Dataset extract =>
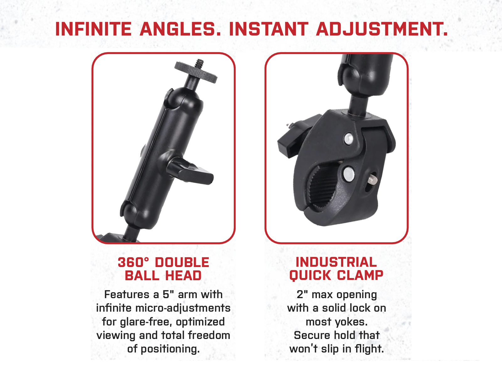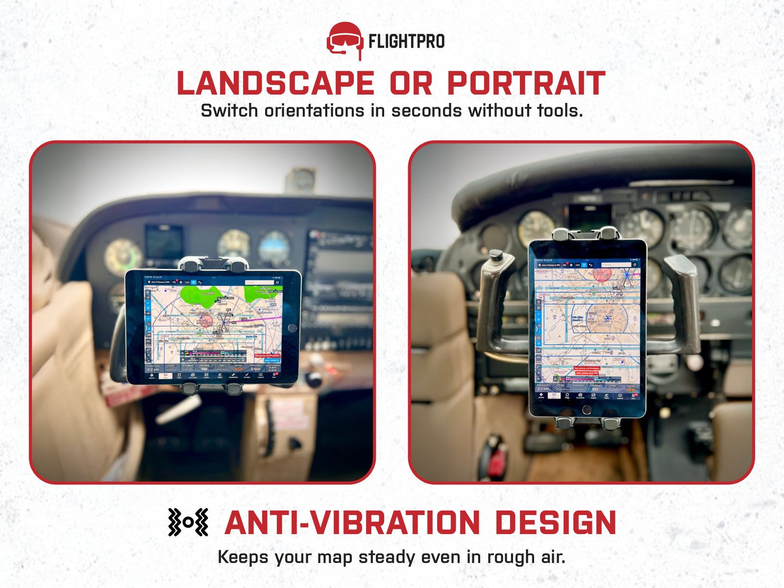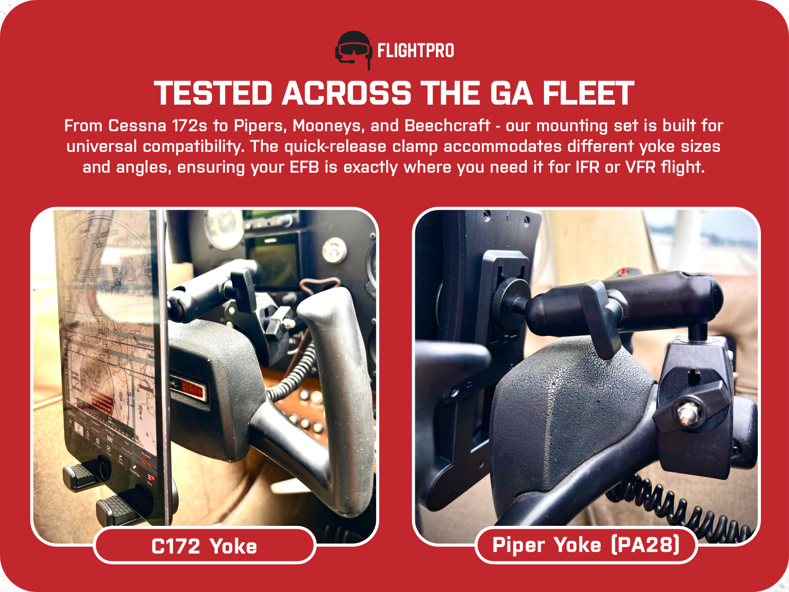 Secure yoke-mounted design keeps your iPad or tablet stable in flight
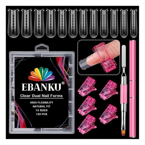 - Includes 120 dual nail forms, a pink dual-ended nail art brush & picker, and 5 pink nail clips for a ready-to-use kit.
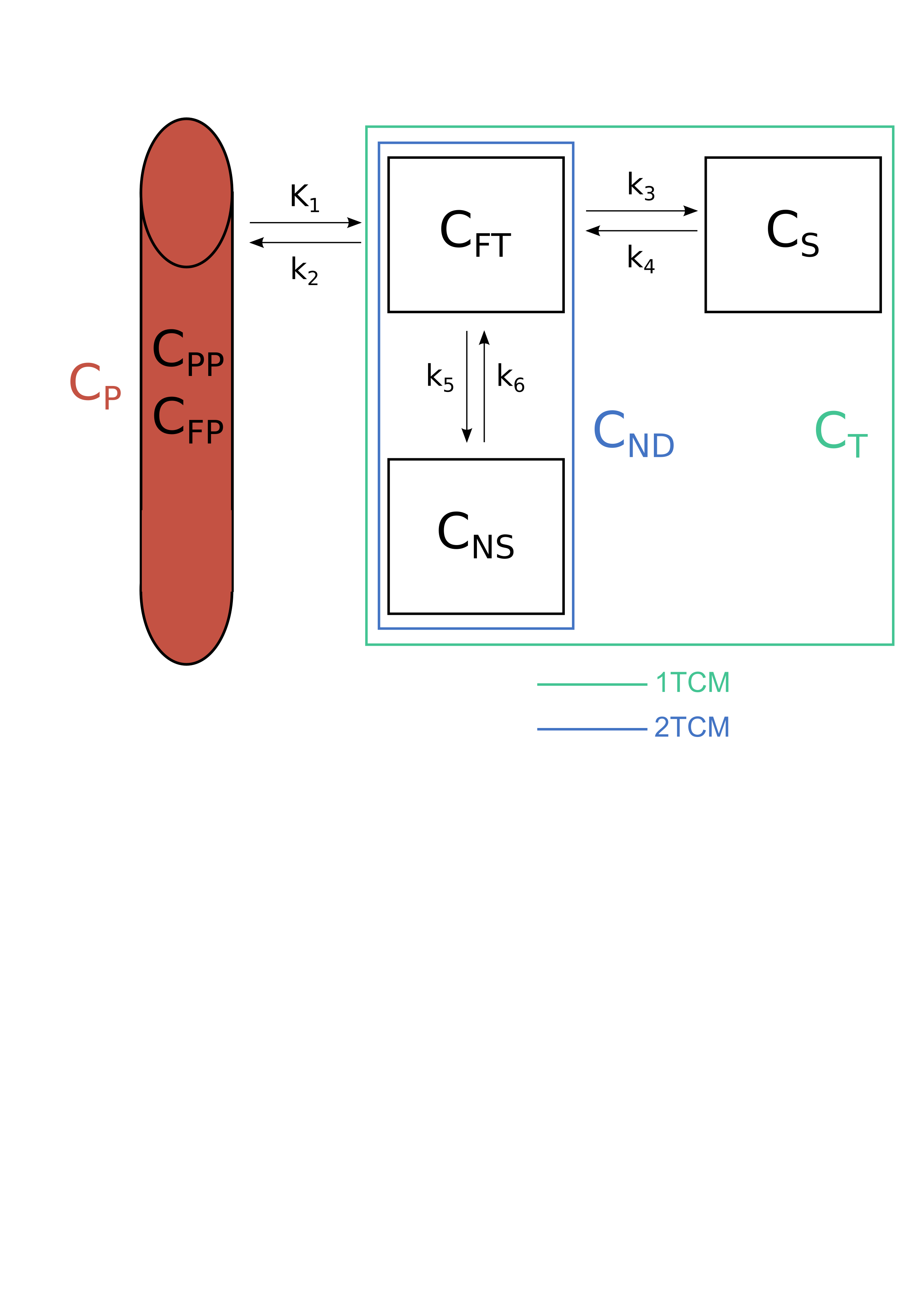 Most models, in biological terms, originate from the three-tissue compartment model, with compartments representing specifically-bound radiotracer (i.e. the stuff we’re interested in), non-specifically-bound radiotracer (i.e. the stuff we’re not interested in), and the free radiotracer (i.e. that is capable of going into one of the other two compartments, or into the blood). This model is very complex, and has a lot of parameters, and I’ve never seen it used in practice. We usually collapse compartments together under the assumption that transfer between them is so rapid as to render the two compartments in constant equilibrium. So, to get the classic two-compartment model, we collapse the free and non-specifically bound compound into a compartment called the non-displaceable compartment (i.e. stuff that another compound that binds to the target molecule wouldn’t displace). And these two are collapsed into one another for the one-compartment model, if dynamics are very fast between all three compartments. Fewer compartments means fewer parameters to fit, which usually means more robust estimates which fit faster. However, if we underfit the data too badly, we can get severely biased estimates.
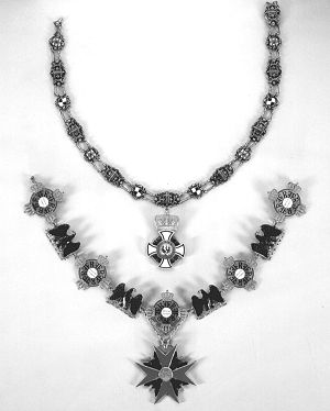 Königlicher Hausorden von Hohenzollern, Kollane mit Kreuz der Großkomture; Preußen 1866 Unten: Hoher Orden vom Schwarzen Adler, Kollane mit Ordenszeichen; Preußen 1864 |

What you need to do =>
Restate the whole of the material word for word without the pictures.

Answer below =>
 Secure yoke-mounted design keeps your iPad or tablet stable in flight
 - Includes 120 dual nail forms, a pink dual-ended nail art brush & picker, and 5 pink nail clips for a ready-to-use kit.
 Most models, in biological terms, originate from the three-tissue compartment model, with compartments representing specifically-bound radiotracer (i.e. the stuff we’re interested in), non-specifically-bound radiotracer (i.e. the stuff we’re not interested in), and the free radiotracer (i.e. that is capable of going into one of the other two compartments, or into the blood). This model is very complex, and has a lot of parameters, and I’ve never seen it used in practice. We usually collapse compartments together under the assumption that transfer between them is so rapid as to render the two compartments in constant equilibrium. So, to get the classic two-compartment model, we collapse the free and non-specifically bound compound into a compartment called the non-displaceable compartment (i.e. stuff that another compound that binds to the target molecule wouldn’t displace). And these two are collapsed into one another for the one-compartment model, if dynamics are very fast between all three compartments. Fewer compartments means fewer parameters to fit, which usually means more robust estimates which fit faster. However, if we underfit the data too badly, we can get severely biased estimates.
 Königlicher Hausorden von Hohenzollern, Kollane mit Kreuz der Großkomture; Preußen 1866 Unten: Hoher Orden vom Schwarzen Adler, Kollane mit Ordenszeichen; Preußen 1864 |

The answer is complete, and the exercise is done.